== Segment start ==
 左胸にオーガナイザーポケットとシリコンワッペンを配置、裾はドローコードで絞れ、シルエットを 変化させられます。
== Segment end ==
== Segment start ==
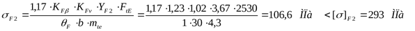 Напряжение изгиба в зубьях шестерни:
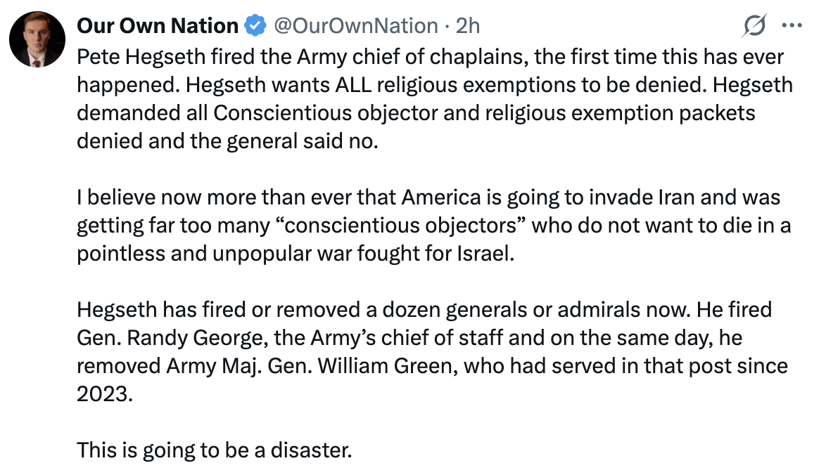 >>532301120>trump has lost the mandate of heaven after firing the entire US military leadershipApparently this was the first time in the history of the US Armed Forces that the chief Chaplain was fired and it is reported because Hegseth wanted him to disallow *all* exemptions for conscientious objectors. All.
== Segment end ==
• Brief
Above is the material; set down exactly its lines from the one containing "Напряжение изгиба в" down to the one containing "conscientious objectors. All.", both included, leaving out any pictures.

• Output for this task
 Напряжение изгиба в зубьях шестерни:
 >>532301120>trump has lost the mandate of heaven after firing the entire US military leadershipApparently this was the first time in the history of the US Armed Forces that the chief Chaplain was fired and it is reported because Hegseth wanted him to disallow *all* exemptions for conscientious objectors. All.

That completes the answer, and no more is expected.